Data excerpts
■ ■ ■ ■ ■ ■ ■

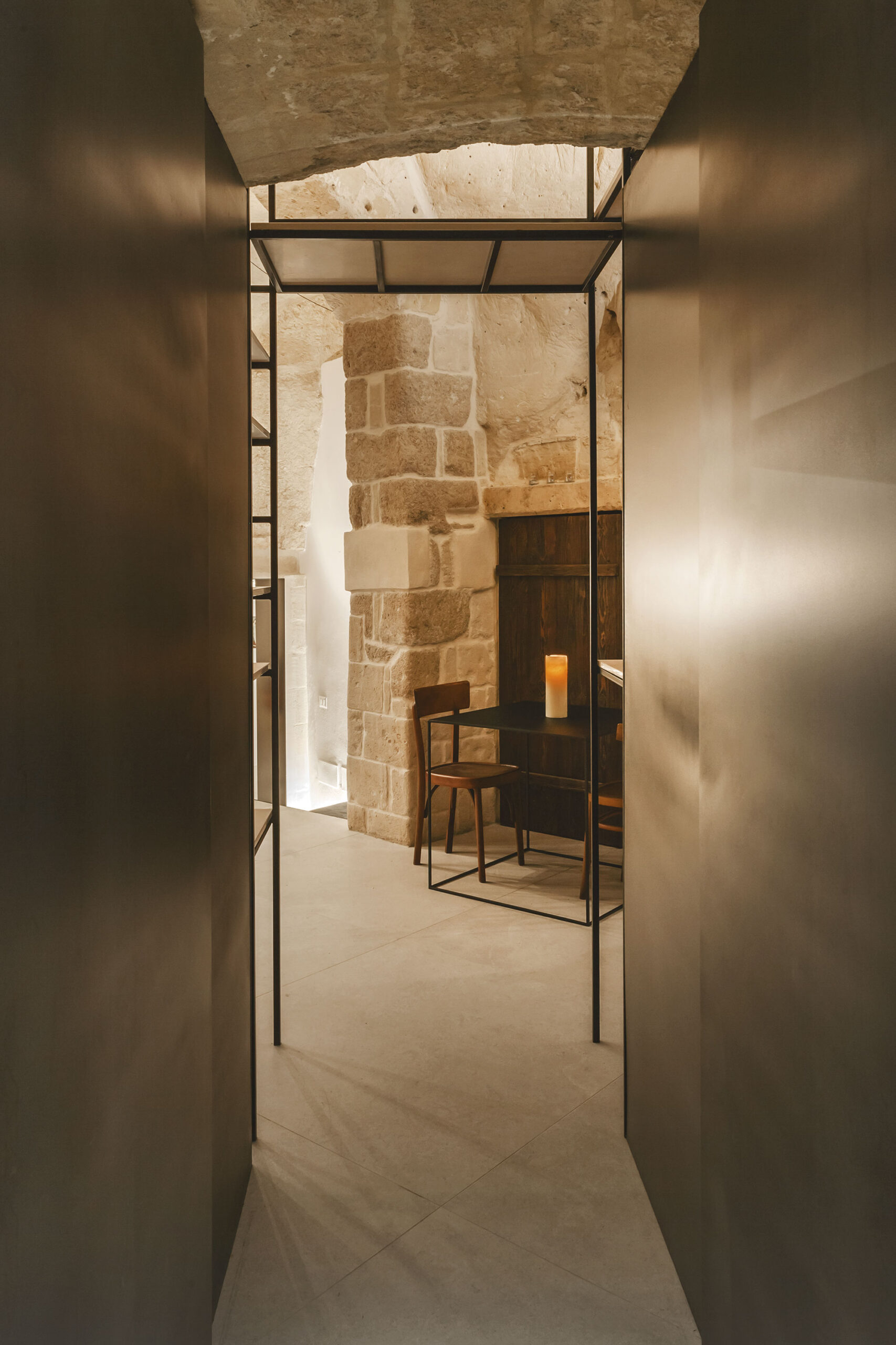 I pavimenti in pietra, le pareti bianche e le volte in tufo sono un perfetto sfondo neutro ai tavoli, alle lampade, agli accessori, agli arredi, neri come l’inchiostro su uno schizzo di progetto. La coerenza è data dalle forme essenziali, dai colori neutri e naturali della pietra e del ferro: un’ osmosi di pochi elementi ben disegnati e inseriti col giusto equilibrio tra forma e materia.
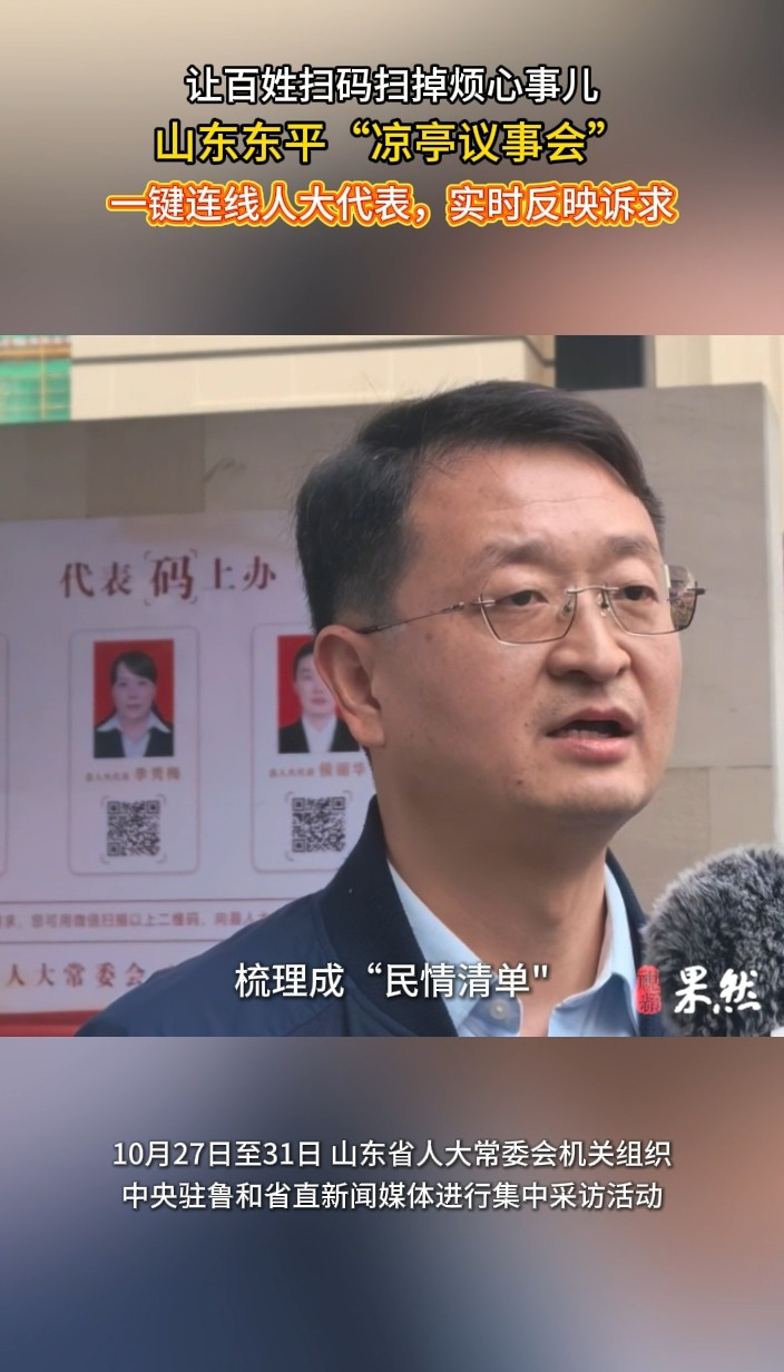 果然视频|“凉亭议事会”开到家门口,人大代表“码”上办 2025-11-14 原创齐鲁晚报·齐鲁壹点客户端 微信扫码扫码下载客户端在泰安市东平县,遍布城乡的12个“凉亭议事会”,犹如设在百姓家门口的“民意直通车”——只需手机扫描小区凉亭内的专属二维码,就能一键连线人大代表,实时反映诉求。(记者杨璐 实习生李敏)
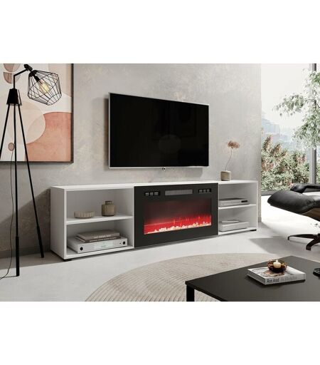 Bim Furniture - Salon Meuble tv avec cheminée noir rollo cm 200x33x48.5h blanc mat
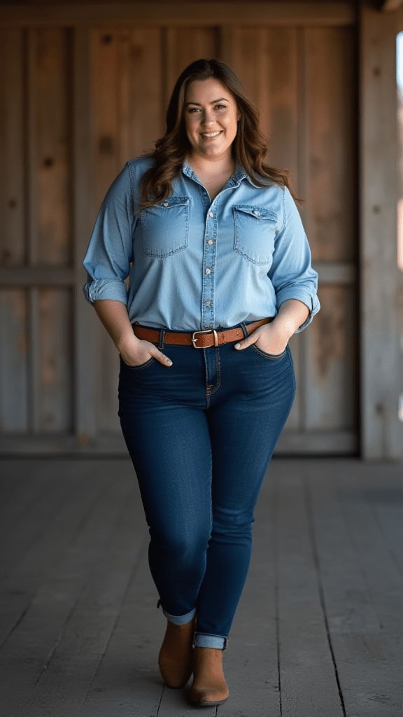 This Plus Size Outfit proves that denim layering can be both stylish and flattering. Coordinated denim pieces create a streamlined effect, while subtle accessories add contrast and definition. It’s a practical yet fashionable choice for casual days.
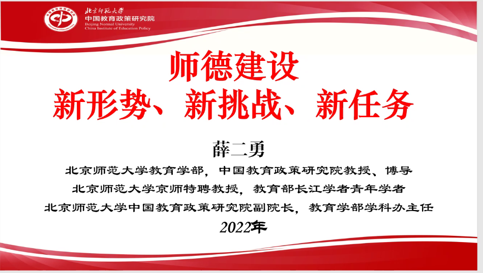薛二勇教授从政策解读、背景分析、案例分享等不同角度,阐释了社会环境、学情、教情变化背景下,高校师德建设面临的新形势、新挑战和新任务。他从专业角度系统梳理了师德建设的政策文件和重要意义,并结合自身教学经历和科研结果,通过详实的调研数据和相关案例,帮助大家把握做高校教师的基本原则和基本任务,进而明确了建立良好导学关系的新要求、新思路。讲座中,薛教授也对高校课程思政建设提出了良好建议,与会成员深受启发、受益匪浅。
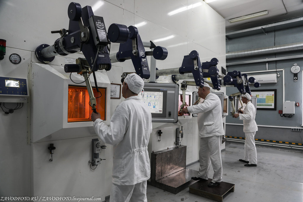 А это мы уже в другом здании, да, тут у каждого реактора свой дом, в Отделении радионуклидных источников и препаратов. Здесь уже история больше даже не про науку, а про производство, правда, весьма технологичного. Основу научно-технологической базы данного подразделения НИИАР составляют защитные камеры и боксы, есть и специальные лаборатории, конечно, вот мы в одной из них. А так Отделение имеет 34 защитных камеры и более 30 защитных боксов. Биологическая защита 22-х камер позволяет безопасно работать с радиоактивными материалами активностью до 100000 кюри, остальных камер - от 1000 до 20000 кюри. В зависимости от типов боксов их биологическая защита позволяет безопасно работать с радиоактивными материалами активностью до 100 кюри.
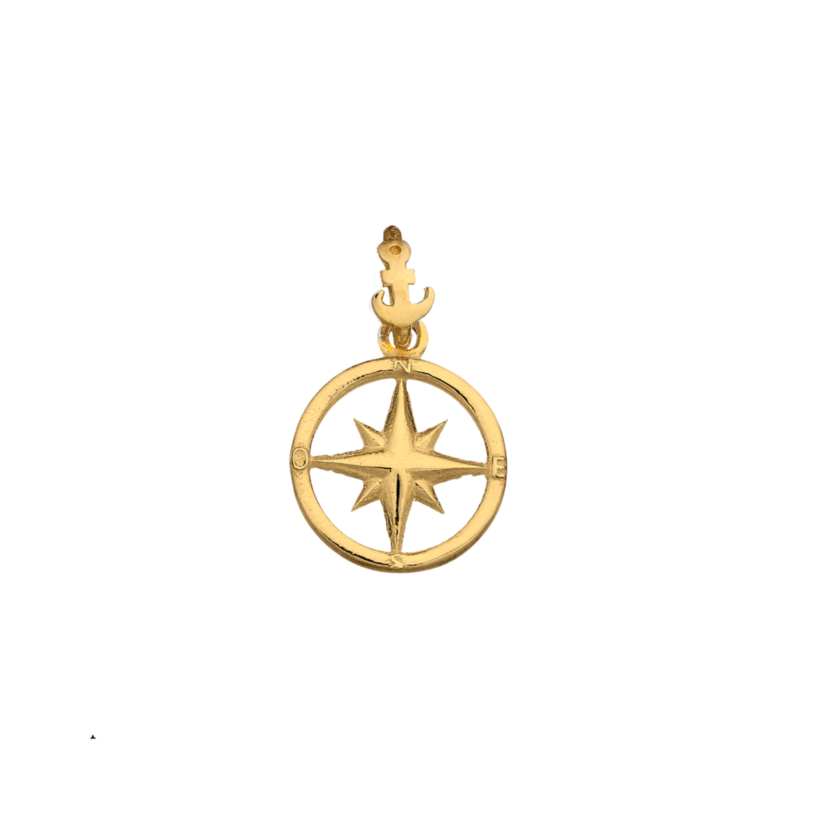 Ciondolo in oro giallo 9kt con contromaglia ancorina in oro giallo 9kt della collezione marinari soggetto Rosa dei venti “equilibrio”

■ ■ ■ ■ ■ ■ ■

• WHAT IS NEEDED:
Pictures stay out; reproduce exactly the lines from the one containing "This Plus Size" through the end of the data.

• EXERCISE SOLUTION:
 This Plus Size Outfit proves that denim layering can be both stylish and flattering. Coordinated denim pieces create a streamlined effect, while subtle accessories add contrast and definition. It’s a practical yet fashionable choice for casual days.
薛二勇教授从政策解读、背景分析、案例分享等不同角度,阐释了社会环境、学情、教情变化背景下,高校师德建设面临的新形势、新挑战和新任务。他从专业角度系统梳理了师德建设的政策文件和重要意义,并结合自身教学经历和科研结果,通过详实的调研数据和相关案例,帮助大家把握做高校教师的基本原则和基本任务,进而明确了建立良好导学关系的新要求、新思路。讲座中,薛教授也对高校课程思政建设提出了良好建议,与会成员深受启发、受益匪浅。
 А это мы уже в другом здании, да, тут у каждого реактора свой дом, в Отделении радионуклидных источников и препаратов. Здесь уже история больше даже не про науку, а про производство, правда, весьма технологичного. Основу научно-технологической базы данного подразделения НИИАР составляют защитные камеры и боксы, есть и специальные лаборатории, конечно, вот мы в одной из них. А так Отделение имеет 34 защитных камеры и более 30 защитных боксов. Биологическая защита 22-х камер позволяет безопасно работать с радиоактивными материалами активностью до 100000 кюри, остальных камер - от 1000 до 20000 кюри. В зависимости от типов боксов их биологическая защита позволяет безопасно работать с радиоактивными материалами активностью до 100 кюри.
 Ciondolo in oro giallo 9kt con contromaglia ancorina in oro giallo 9kt della collezione marinari soggetto Rosa dei venti “equilibrio”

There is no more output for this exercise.